Ici, Raymond Jean ouvre une piste que j'aurais souhaitée plus détaillée, plus précisément médicale. Il me semble intéressant de dire que la sensibilité cutanée est très irrégulièrement distribuée, allant de la plus extrême à la plus infime, cela de façon tout à fait normale chez chaque être humain, mais également modifiée par différentes situations pathologiques. Nous trouverions ici des situations aussi différentes que les troubles de la sensibilité de différentes maladies neurologiques. Un cas particulier est celui de la lèpre dont les taches achromiques sont insensibles aux piqûres. Pensons aussi aux nombreuses zones non douloureuses qui font la joie des adeptes du "piercing", et retrouvons dans les causes d'insensibilité, un des phénomènes de l'hystérie.
À ce sujet, il aurait été instructif, que Raymond Jean, professeur de lettres modernes à l'université de Provence, ne se contentât point de rapprocher des convulsions "diaboliques" le phénomène hystérique, étudié par Freud et par Charcot. Certes il cite les phases classiques de ces manifestations et les relie, mais il outrepasse le sens lorsqu'ill écrit : "que cela prenne éventuellement la forme d'un cirque, l'adjectif de clownique utilisé par Charcot pour décrire une certaine phase de l'accès le confirmerait assez bien..." (p 128).
En effet, j'aimerais assez que cette étrange étymologie me fût précisée, dans la mesure où confondre "clownique" et "clonique" ouvre un registre inadéquat. L'adjectif adéquat est "clonique" et se rapporte en effet à des mouvements agités (du grec klonos et du latin clonus) qui est le terme exact rapporté à ces mouvements existant certes dans l'hystérie, mais aussi dans l'épilepsie, ou des situations normales comme le clonus de la rotule.

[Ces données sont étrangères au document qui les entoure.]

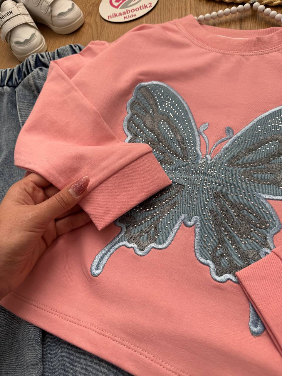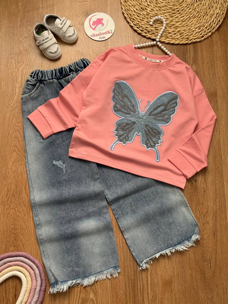 نیکابوتیک > فروشگاه > محصولات دخترانه > بلوز شلوار دخترانه > کراپ شلوار پروانه لی

En réalité, c'est Huysmans, qui, dans Là-bas, utilise le mot "clownerie" en l'attribuant à Charcot, dans un dialogue entre Durtal et des Hermies.

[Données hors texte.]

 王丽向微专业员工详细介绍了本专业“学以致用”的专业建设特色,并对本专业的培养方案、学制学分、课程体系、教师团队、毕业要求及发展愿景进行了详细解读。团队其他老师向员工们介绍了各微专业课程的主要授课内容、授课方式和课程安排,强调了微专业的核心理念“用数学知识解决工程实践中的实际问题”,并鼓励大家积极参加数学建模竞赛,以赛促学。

Ici le littéraire, tout passionnant et érudit qu'il soit, mérite un peu d'aide, dans un ouvrage de cette sorte. Je reconnais cependant, à titre personnel, avoir assisté à une grande séance d'hystérie collective qui évoquait un grand cirque, et pas celui de Closterman.
Également, une de ces pauvres héroïnes, à un moment, rejette par la bouche une boule de saleté et de poils, qui est expliquée dans le texte par les conditions d'hygiène de l'époque. Cela me semble insuffisant, et devrait plutôt correspondre à un bézoard, amas de matières dans l'estomac, pour lequel on a évoqué des origines diverses, mais qui, dans ce cas particulier, doit faire évoquer une ingestion volontaire.

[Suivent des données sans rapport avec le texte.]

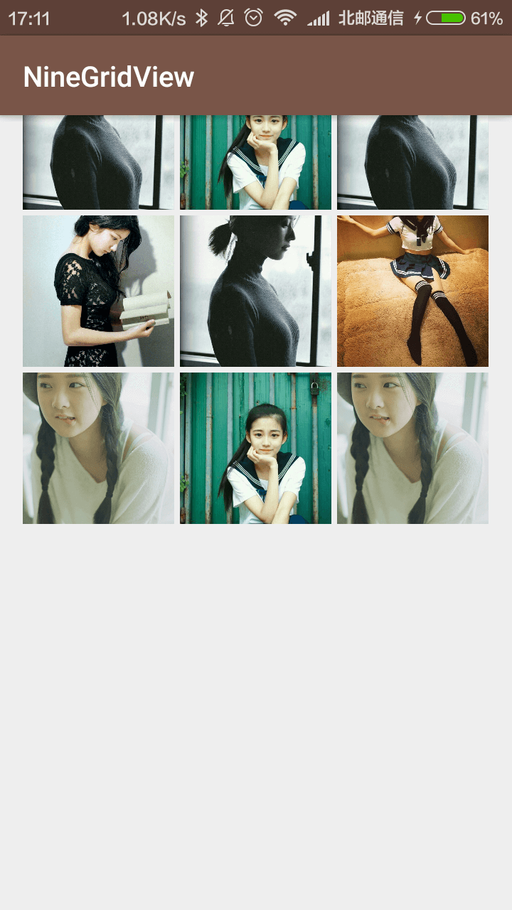 因为是一个比较新的控件,而且作者也已经开博讲解怎么使用,所以我不过多阐述如何使用,如有需求请转步作者博客http://laobie.github.io/android/2016/03/06/nine-grid-iamge-view-libaray.html来进一步了解。我来说一说我是怎么使用的。

Outre ces éléments qui nécessitent une lecture divergente, le texte mériterait d'être complété par une autre explication que celle des craintes de nos ancêtres.
On pourrait en rester là, et se gausser des temps anciens, en se jurant bien que nous, avec notre modernité et notre démocratie... Allons, ce ne serait pas sérieux. Que le diable existe ou non, des familles voient des diables, des foules en voient d'autres, des procès en sorcellerie existent toujours, périodiquement fustigés, périodiquement repris. Il suffit que les conditions soient réunies, et en ce domaine, les témoignages ne manquent pas, à qui voudrait bien se pencher sur des faits récents, présentés sous d'autres accoutrements, mais où les grands inquisiteurs ont simplement changé de discours et de robes.